Catenary vs. Flexure

[bowlingdanish]

Hi there,

This is a random theoretical I've been thinking about - what exactly, fundamentally characterizes a catenary/'tension only' member? If I have a pin supported 10mm cable spanning 5 metres with a certain sag, and apply load at midspan I can calculate a resulting tensile force in the cable. If I have pin supported 300mm deep I beam spanning 5 metres I can calculate a bending moment. What if it's supported over 40 metres? Then I have a member with a certain sag that I can apply a load to - Where does the flexure stop and tension start? I suppose the beam could buckle laterally at some point and become unstable, but it wouldn't yield under self weight - perhaps at this point?

No idea if that makes any sense.

 

[dcarr82775]

Its a lot like porn. I can't define exactly what it becomes catenary, but I know it when I see it.

 

[JoshPlumSE]

When small deflection theory no longer holds. When the deflection is negligible compared to the properties of the cross section.

For example a 10 mm cable that sags 20mm over it's length would violate small deflection theory because its deflection is greater than it's depth.

A 300mm beam that deflections 3mm would NOT violate small deflection theory. If it deflects 300mm then it probably would.

 

[MotorCity]

If I understand your question, it is at what point does a beam act like a cable (or vice versa). I am not sure what the theoretical definition is, but here is one way to think of it: a cable has no (or very little) axial stiffness when loaded only by its own weight. In other words, you can't push on a rope. Of course things change a bit if the cable is prestressed.

 

[JStephen]

You can develop some criteria if it's really an issue. In the case of plates in bending, the criteria becomes that deflection is less than the plate thickness.

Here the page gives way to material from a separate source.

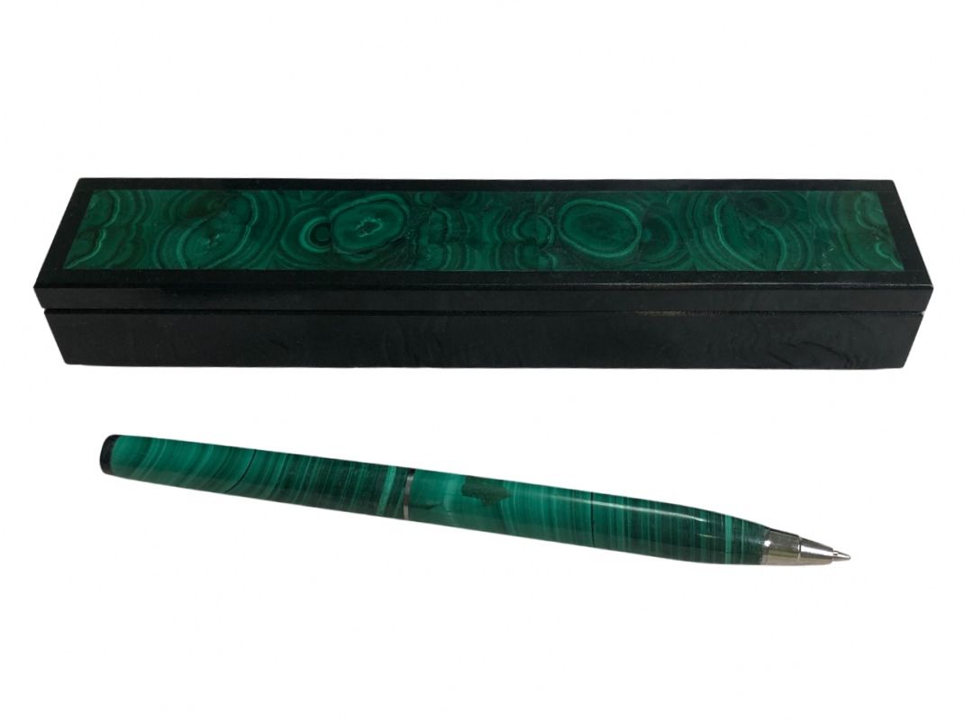 Ручка из камня малахит в футляре

A major consideration in a lot of practical cases is whether the end conditions actually allow that tension to be established.

If you're interested in actual numbers, Roark has load cases for "Beams restrained against horizontal displacement at the ends".

 

[racookpe1978]

Look at four cases:

Cable or chain, pinned at both ends, spanning a gap, no "point" loads on the cable, only the distributed weight/length of the cable itself. So, a perfect catenary -> the "uniform load" of the cable's weight is carried BY the two pins at each end which are in tension, right?

Cable or chain, pinned at both ends, with two "heavy" point loads on the chain: Doesn't matter what the loads actually are, nor where they are along the chain. The chain is "straight" from left pin to load_1, then "straight" again (at a different angle) from load_1 to load_2, then "straight" again from load_2 to pin_2. Not a catenary at all, and not easy to calculate, but "pure" tension loads on the cable and the two pins, right?

Thin plate or flat bar, spanning a gap. The flat bar (say 2 inch wide x 1/8 thick) bends across the gap, but the two ends bend "up" so the two contact points support all of the load of the bar. Can calculate the bending as if it were a pin? Nope, you need to use a "roller" type of equation => NO tension is transmitted to the surfaces under both contact points, but the flat bar in the center does has the tension in its cross-section due to the weight, and it does form sort of a catenary. Get too far a gap, too thin a flat bar cross-section, the "bridge" fails because the tension pulls both ends down into the canyon, right?

Heavy beam supported at both ends. Similar theorectically to the catenary of the flat bar, but the "sag" is meaningless.